Doing Right is Not Enough: Having a Policy to Do It Right is Required, Too

One of the halmarks of the URAC accreditation process is the reliance on policies and procedures. Anyone who has glanced at URAC's Core standards can tell you that there is an entire standard (Core 3) dedicated to the care and feeding of P&Ps. The standards don't stop there, though, in their reverence for P&Ps: Core 6, 8, 16, 18, 20, 24 all explicitly reference policies, as do dozens of other standards scattered throughout the modules. I venture to say that the most frequent word used in the "Evidence for Desktop Review" sections of the URAC standards is "policy" (although I haven't actually counted).

However, if I stopped there, I still would not have conveyed how utterly important it is to have your P&Ps in order, fully reflecting the requirements of the standards. It is almost universally true that the requirements of the URAC standards must be reflected somewhere in a written policy. It seldom seems to matter if your organization's actual behavior is fully compliant with the requirements of the URAC standard. In addition to actual compliance with the requirements, you generally have to have a policy and procedure that requires that full compliance.
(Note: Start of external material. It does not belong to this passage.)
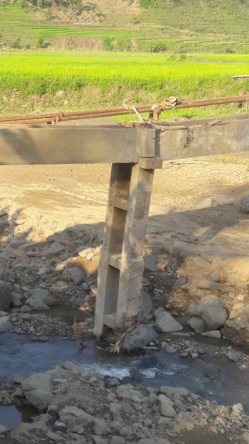 Anh Khương cho biết: qua mấy năm, cứ lâu lâu lại thấy làm. Đơn vị thi công ở đây là Công ty Hồng Long, đóng trên địa bàn huyện Phù Yên. Ở đây có 2 đường nước để dẫn tưới tiêu cho các cánh đồng của xã Gia Phù và phía dưới nữa. Đó là đường nước của hệ thống tưới tiêu, họ đổ bê tông như hình “bao diêm”, cứ thế chạy dài qua các khu đồng. Phía bên cánh đồng gần nhà anh Khương thì có nước chảy bập bõm, nhưng giờ nứt rồi thì chả còn “mơ nước” nữa. Một đường ống máng nước nữa phía bên đồi kia thì nước chảy tắc bụp, chỉ 1 đoạn có nước, còn không thì chỉ có nước trong “mơ”. Đây gọi là hệ thống nước tưới tiêu. Còn hệ thống nước sinh hoạt thì dẫn bằng ống sắt. Có 2 đường ống sắt, 1 to, 1 nhỏ là đường nước tự chảy, mục đích là để dùng cho sinh hoạt. Nước ở khu vực xã Suối Bau, chảy xuống 1 bể lọc xây, rồi tự chảy xuống. Đường ống to thì chả bao giờ chảy, còn ống bé thì nước nhỏ giọt. Nhiều lần nhân dân kiến nghị, nhưng chả thấy ai đoái hoài đến.

The rationale, as I understand it, is fairly straightforward and arguably reasonable: Just because you are compliant today does not mean you are compliant as a matter of policy. You could just be temporarily, and even accidentally, compliant. However, if you have a policy and procedure, and are complying with Core 3's requirement that you regularly review and implement your P&Ps, you are more likely to be compliant with the standard tomorrow, and tomorrow, and tomorrow.

You might argue that a flawless record of compliance (e.g., 30 out of 30 selected files are fully compliant) is demonstration that you have and have implemented a policy -- albeit a tacit one -- that complies with the standard. Save those arguments for social scientists and trial lawyers -- they won't fly here. And, probably, rightfully so.

So, the lesson to be learned here is simple -- don't rely on the mere fact that you are playing by the rules and conducting your business in full compliance of URAC's standards. Instead, play it safe and make sure all of the requirements of the URAC standards that apply to your organization are reflected not only in your behavior but also in your policies and procedures.